Thursday, February 08, 2007

NASD/SEC commentary.........

As part of its 2007 legislative agenda, the North American Securities Administrators Association Inc. is calling for the new Democratic Congress to review the arbitration system. It needs major work, maybe even scrap it. It isn't the arbitrators fault. In my career spanning a decade as an arbitrator for both the NASD and NYSE there wasn't a single arbitrator who I worked with that didn't do a good job in adjudicating any dispute though some were not even remotely aware of how the brokerage industry operates in reality, and some were not aware of the "bad clients" and "bad attorneys" who file suit to try to recover assets after seeing massive investor stupidity. What I find appalling is the situation I found myself in a year or two ago.
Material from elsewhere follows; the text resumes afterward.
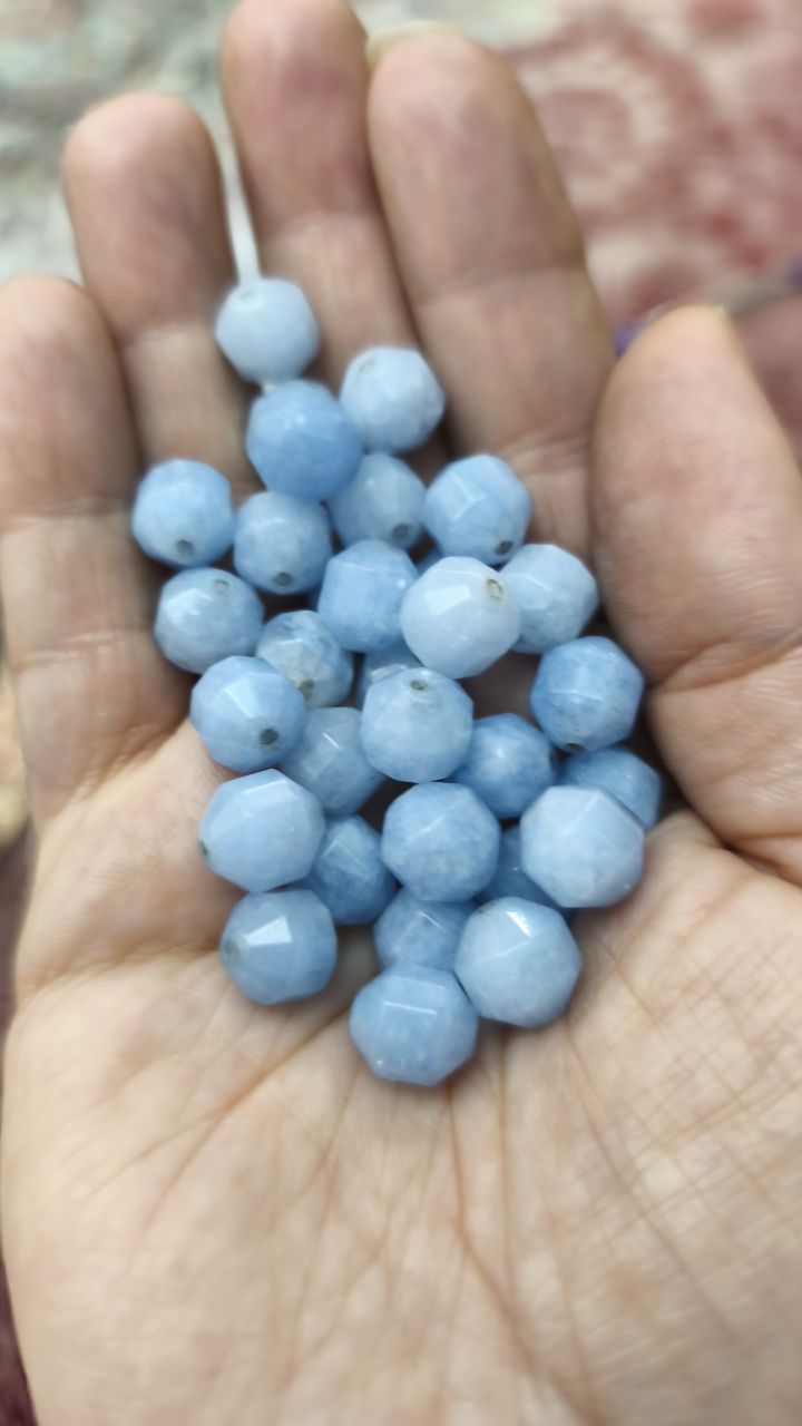 مهره سنگ جید آبی آسمانی تراش ۲۰۲۱ انرزی ۱۰میل اصل معدنی سوراخ دار

As the President and Chief Investment Officer of Chippewa Partners, a Registered Investment Advisor, a firm I started in 1995 after having gone to work in the securites business way back in 1982 there was never a time in my life that I was more prepared to be what the arbitration process needed. Someone who knows the industry, has tremendous experience in the industry and having attended law school, can ferret out the facts presented in each case. Low and behold, the NASD came up with a new rule that says any person who is a manager of an RIA firm can NOT be an arbitrator. There reasoning was that many RIA managers are actually owned by broker-dealer firms and hence can not be objective. There's more to it than that and the stench is loud. The industry knows it. There were many arbitrators tossed out of the arbitration pool over that ruling and it probably stems from guys like me holding a fiduciary standard that a firm like Chippewa Partners adheres to.
Now, the there is ever more willingness to allow the brokerage industry to self-adjudicate through mandatory arbitration and control public access to the brokerage industry's criminal and disciplinary histories. The merger between the NYSE and the NASD enforcement divisions is a yawn. Everyone knows that self-regulation involves a conflict of interest. One of the most egregious examples of the fox guarding the henhouse is the Broker-Check program run by the NASD. (NOTE: NASD is the National Association of Securities Dealers, Wall Street itself!) The NASD says it "should be your first resource to learn about the professional background, registration/license status and conduct of NASD-registered firms and their registered brokers." Would you believe that the program does not permit a broker or firm to respond "yes" to the question of whether the broker or firm has any disciplinary matters in his or its past. Only two answers are permitted "no" and, get this, "maybe." If that is what is called industry self-regulation in the publics interest I have some swamp land in Florida for sale today.
For an agency that spends $888,000,000 a year you would think small investors would have far better protection and greater internet access to information on an industry they rely on to protect their assets. The beat goes on. Little guy beware, Wall Street wants your money to "invest" in the latest new investment-fad, product du jour. And you can take that to the bank.